Po chwili doszło do potrącenia kobiety. Na miejscu interweniował zespół ratownictwa medycznego i policja. Poszkodowana z obrażeniami ciała została przewieziona do szpitala.

W rejonie wypadku występują utrudnienia w ruchu. Częściowo nieprzejezdny jest jeden pas w kierunku ul. Armii Krajowej. Policjanci ustalają szczegółowe okoliczności zdarzenia.

Jeden się zatrzymał, drugi potrącił pieszą (zdjęcia)

(fot. lublin112.pl)

12 komentarzy

  1. Olgierd Jedlina

    O czym ci idioci myślą omijając pojazd na przejściu dla pieszych? No pytam się o czym?

    • Niestety to częsty widok.

    • Jak to o czym. O tobie i twoich komentarzach ?

    • Są święcie przekonani o tym, że po przejściu dla pieszych akurat nie będą przechodzić piesi, a gdyby jednak było inaczej to nic złego z ich (kierowcy i pasażerów) stanem zdrowia się nie stanie.
      Do tej pory także kary za zabicie pieszego na PdP były orzekane w zawieszeniu. Tak więc nawet odpowiedzialność karna za spowodowanie wypadku śmiertelnego dla większości osób jest pozorna.
      Całe szczęście to się ostatnio zmienia.

  2. Fakt, niedźwiedzia przysluga. Dlatego nigdy nie puszczam pierwszy pieszych zeby nie miec ich pozniej na sumieniu

  3. Na sumieniu to powinien mieć ten który potrącil pieszą. A powinien jeszcze być SZCZODRZE ukarany . Tego oczekuje społeczeństwo, karac drani co to sobie autostradę robią z miasta

  4. Fakt, że to oczywiście niczego nie zmienia, ale tam to akurat jest tragiczne oświetlenie. Nawet bez deszczu cieżko kogoś dojrzeć jak już jest na ulicy. Jezdnia szeroka a światła wysoko i słabiutkie.
    Tak tak, wiem że powinień się zatrzymać jak tamten stał 😛

  5. To teraz niech mi ktoś powie jaki przepis mówi o zatrzymywaniu się przed przejściem kiedy pieszy nie wkroczył jeszcze na przejście dla pieszych ,no słucham mędrców?

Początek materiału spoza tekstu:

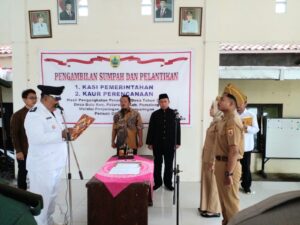 Upacara pengambilan sumpah jabatan yang dibacakan Kepala Desa Muhtar, S.H., M.H, dan ditirukan oleh Titin Putri Maimunah, S.H selaku Kasi Pemerintahan dan Rahmania Yudha, S.H selaku Kaur Perencanaan.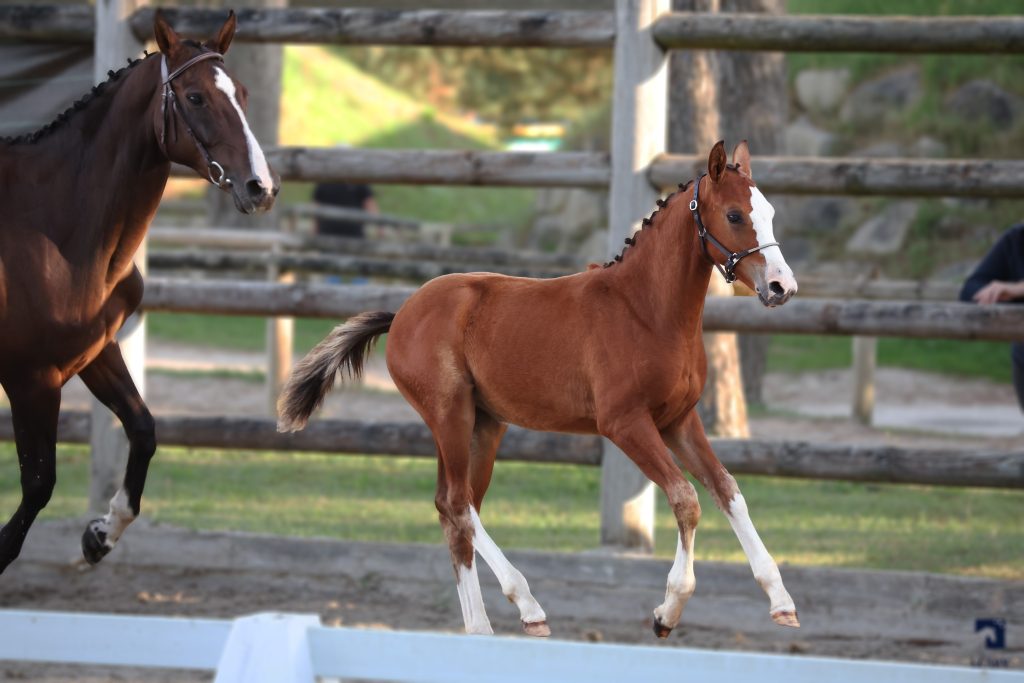 Les poulains de Jogry sont très marqués par leur père. Ce sont des poulains chics qui bougent bien avec de belles allures, curieux et d’un caractère facile.

    • $47. 4. Kierujący pojazdem zbliżający się do miejsca oznaczonego znakiem D-6, D-6a albo D-6b jest obowiązany zmniejszyć prędkość tak, aby nie narazić na niebezpieczeństwo pieszych lub rowerzystów znajdujących się w tych miejscach lub na nie wchodzących lub wjeżdżających.

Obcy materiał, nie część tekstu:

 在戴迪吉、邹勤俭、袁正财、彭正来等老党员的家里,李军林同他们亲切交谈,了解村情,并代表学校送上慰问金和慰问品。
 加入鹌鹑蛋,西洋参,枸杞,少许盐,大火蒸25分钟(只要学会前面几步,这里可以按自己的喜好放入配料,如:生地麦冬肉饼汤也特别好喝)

      Jeżeli nie wiadomo czy pieszy będzie wchodził czy też nie (no bo skąd kierowca ma to z całą pewnością wiedzieć) na PdP powyższy przepis nakazuje zmniejszenie prędkości (bez wykluczenia zatrzymania się) zawsze wtedy kiedy zachodzi niebezpieczeństwo potrącenia. A gdy pieszy stoi czy dochodzi do PdP takie niebezpieczeństwo występuje.

      Niebezpieczeństwo powodują nie Ci którzy się zatrzymują – lecz Ci, którzy się nie zatrzymują. Tak też było w tym przypadku. Winnym potrącenia tej kierujący łamiący zakaz omijania na PdP.

    • Nie ma nakazu zatrzymywania się, ale nie ma także zakazu zatrzymywania się w celu umożliwienia przejścia pieszemu. Nie można jedynie parkować przed przejściem dla pieszych. [dodaję, to, bo krąży mit, że zatrzymywanie się przed PdP to wykroczenie. Wykroczeniem jest zatrzymanie się przed PdP w innym celu niż ustąpienie pierwszeństwa pieszemu]. – dobrze to tłumaczy 668 odcinek „Jedź Bezpiecznie” TVP Kraków.
      Zapominając o przepisach: „Lepiej jest się 100 razy zatrzymać (choć można było przejechać bez zatrzymania się) niż raz się nie zatrzymać i potrącić.”

  6. No jak to jaki? Przepis o uprzejmości, której brakuje kierowcom ze wschodnich landów EU.